Copied exactly and without pictures, the lines from the beginning of the entries through the one that holds "The arrow on" should form the entire reply.

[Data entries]
************

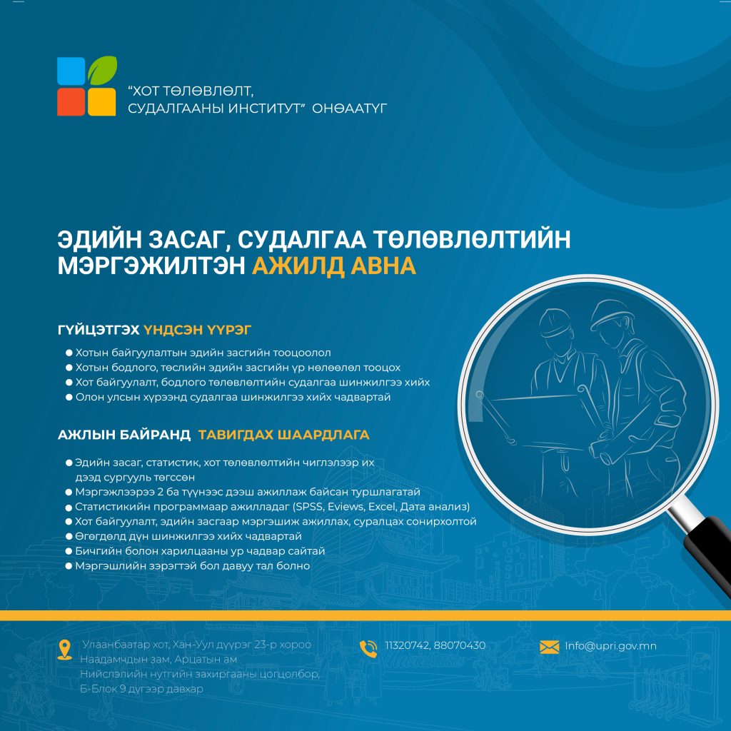 Эдийн засаг судалгаа төлөвлөлтийн мэргэжилтэн, бүс нутгийн эдийн засагч ажилд авна
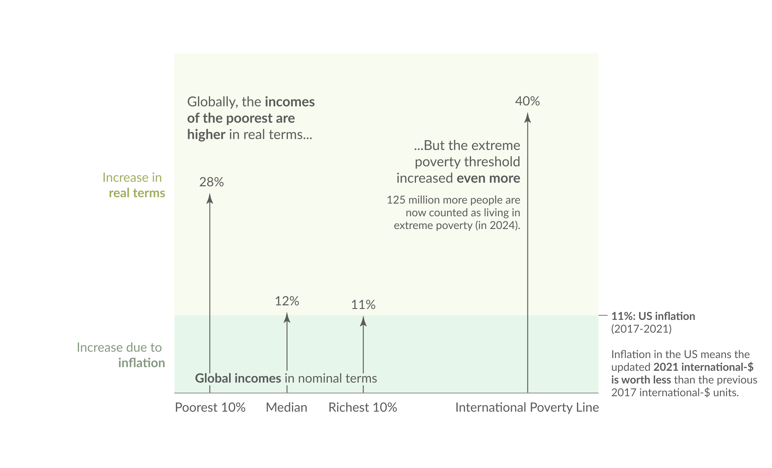 The arrow on the left shows the change in the income level that places someone in the world’s poorest tenth in 2024. This rose by 28% in nominal terms, from $2.34 per day (measured in 2017 international-$) to $3.00 per day (in 2021 international-$).
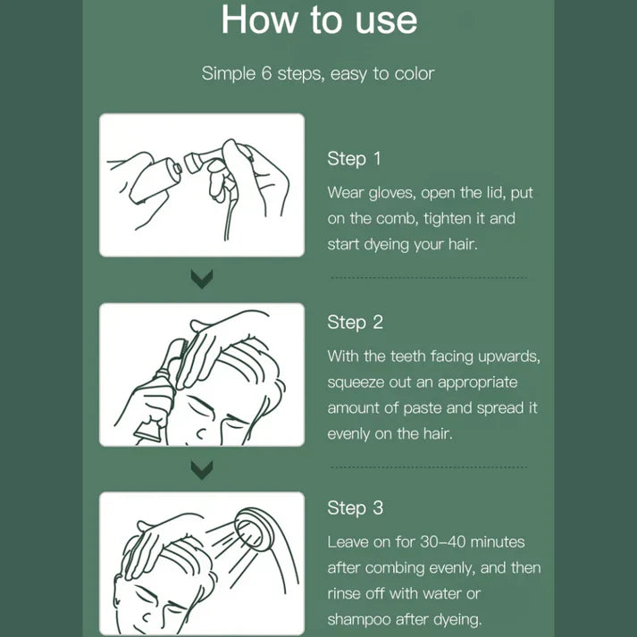 Our hair dyeing comb offers a selection of three natural and versatile colors to suit your style and preference. Choose from black, black-brown, and chestnut-brown shades to achieve your desired look. Whether you're aiming for a dramatic transformation or subtle color enhancement, our comb ensures that you can achieve the perfect shade effortlessly. These colors are carefully formulated to provide rich and vibrant results while maintaining a natural appearance. You can confidently express your style with a hue that complements your skin tone and personal taste.
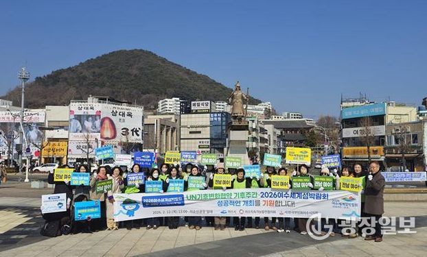 광장일보 주재영 기자 | 2026여수세계섬박람회 개막 D-200일을 앞두고 지난 12일 오후 1시에 이순신광장 일원에서 “기후위기 극복, 기후행동 시작” 가두행진 캠페인을 실시했다.
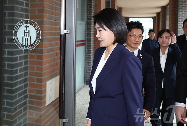 (서울=뉴스1) 장수영 기자 = 이재명 더불어민주당 대통령 후보의 부인 김혜경 여사가 13일 오후 서울 중구 천주교 서울대교구청에서 정순택 서울대교구장과 면담하기 위해 교구청으로 들어가고 있다.
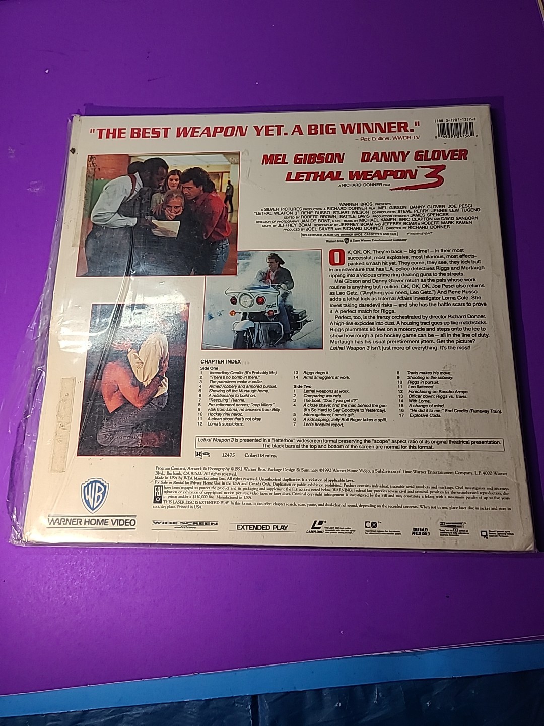 Lethal Weapon 3 Laserdisc, 1992 Widescreen Mel Gibson Danny Glover Untested

************

## [Finished task]
 Эдийн засаг судалгаа төлөвлөлтийн мэргэжилтэн, бүс нутгийн эдийн засагч ажилд авна
 The arrow on the left shows the change in the income level that places someone in the world’s poorest tenth in 2024. This rose by 28% in nominal terms, from $2.34 per day (measured in 2017 international-$) to $3.00 per day (in 2021 international-$).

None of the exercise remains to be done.